Some people with serious debt problems try other ways to fix the problem before considering bankruptcy. Unfortunately, some of those fixes can result in the loss of assets that could have been saved by filing bankruptcy sooner.
For a person with serious debt problems, it’s good to explore all of your options before taking steps that cannot be undone.
Here are some examples of fixes that rarely work:
- Withdrawing retirement savings. Dipping into your 401(k) and IRA savings usually amounts to robbing from yourself to pay a credit card company. If you file bankruptcy, you can discharge many types of debt while protecting your retirement savings.
- Skipping house or car payments. Skipping house or car payments can result the loss of assets you want to keep.

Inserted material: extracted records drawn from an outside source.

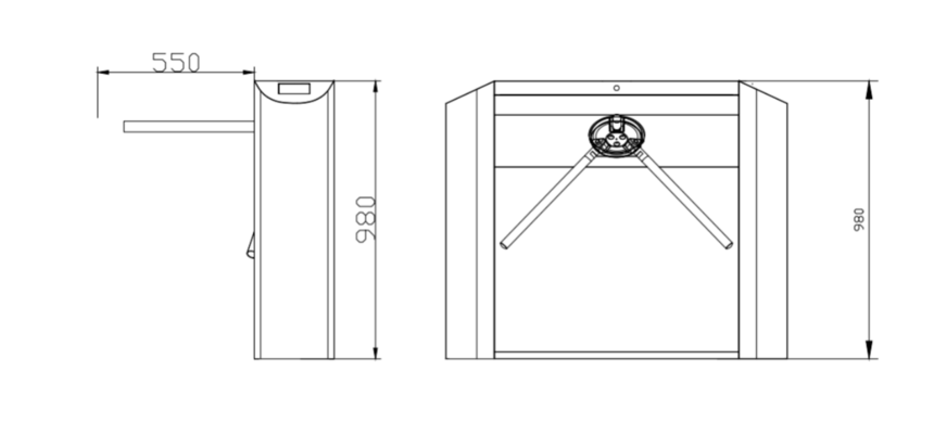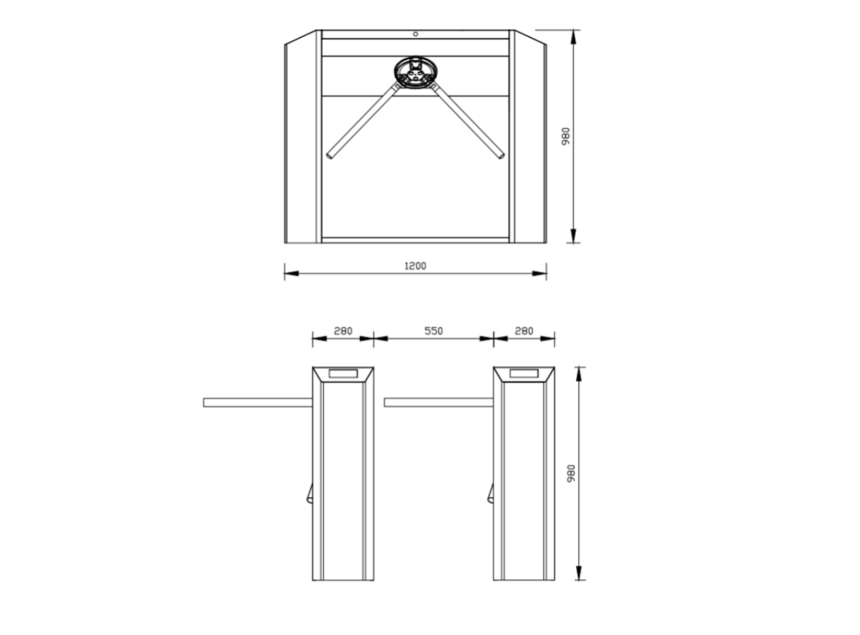 规格参数 n 外壳材料: SUS304#不锈钢 n 外壳加工工艺:采用激光、折弯、切割、焊接、拉丝、抛光、打磨等工艺。 n 规格尺寸:1200*280*980mm n 闸杆长/粗:510(mm)/¢38不锈钢管。 n 闸杆转向:单向、双向 n 标准输入接口:继电器开关信号 n 通行速度:≥30-40人/分钟。 n 适应温度:-40℃ ~ 80℃。(-20℃以下考虑增加温控系统) n 适应湿度:5%— 95% n 工作环境:室内、室外。 产品尺寸
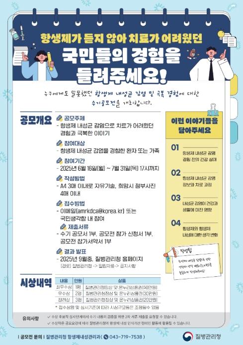 질병관리청(청장 지영미)은 항생제 내성에 대한 사회적 인식 제고를 위해 6월 16일부터 7월 31일까지 '항생제 내성균 감염 극복 수기 공모전'을 개최한다.
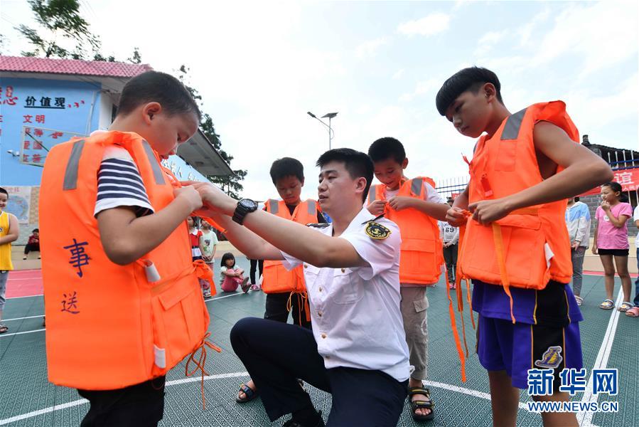 7月13日,在廣西融水苗族自治縣桿洞鄉(xiāng)黨鳩小學,融水海事處工作人員指導學生穿救生衣。當日,廣西柳州融水海事處在桿洞鄉(xiāng)黨鳩小學開展防溺水及水上交通安全知識教育活動,向?qū)W生們普及水上安全知識,并講解水上應(yīng)急救援技能。新華社記者 黃孝邦 攝

Rather than risk loss of your home or car, you may be better discharging other types of debt, such as credit card bills, in bankruptcy.

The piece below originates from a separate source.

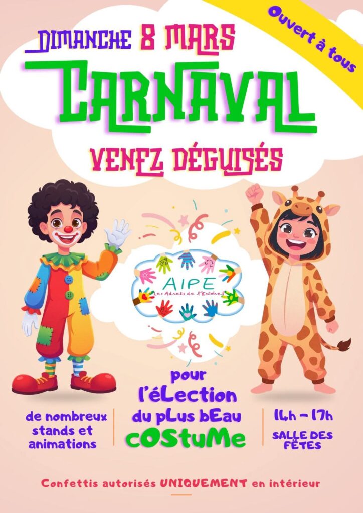 - 8 mars 2026 : Carnaval et concours du plus beau déguisement dans la salle des fêtes de 14h à 17h.
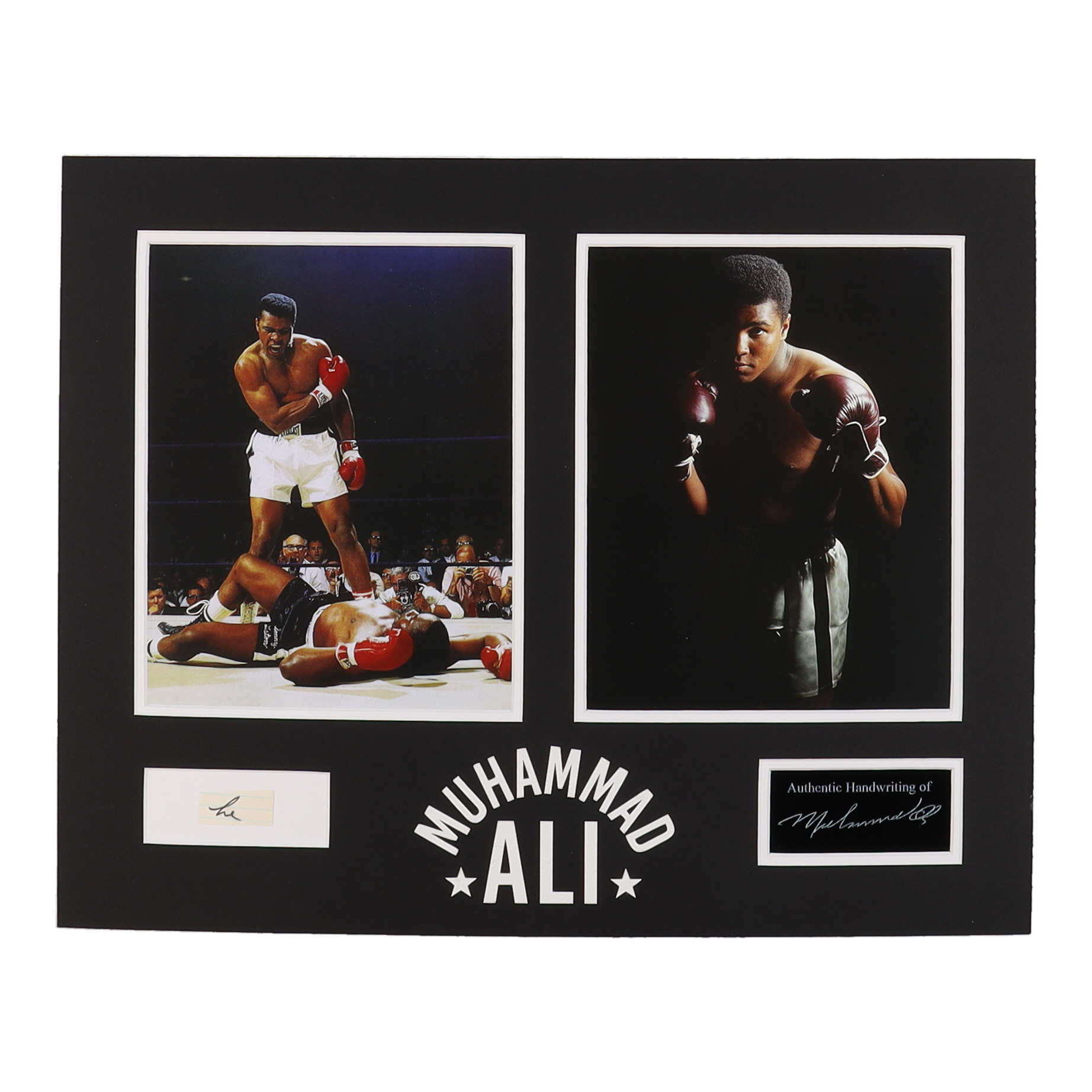 This custom matted display measures 16" x 20" in size. Features a cut with original handwriting from Muhammad Ali (D. 2016, HOF). The display also includes (2) photos of Ali and a plaque with a laser engraved full signature (not hand-signed).

- Debt consolidation. Debt consolidation services (along with debt negotiation) usually promise big savings but rarely deliver. These services cost a lot of money up front, and may not solve the problem of too much debt. In addition you would have to pay taxes on any debt that is forgiven. Bankruptcy provides tax-free debt relief.
- Payday loans. Due to the high interest charged by payday loans, your financial situation is likely to get worse instead of better.
Bankruptcy isn’t for everyone, and a person should explore all of his or hwe options before making a decision. Only an experienced attorney can advise you if bankruptcy is the best option in your case.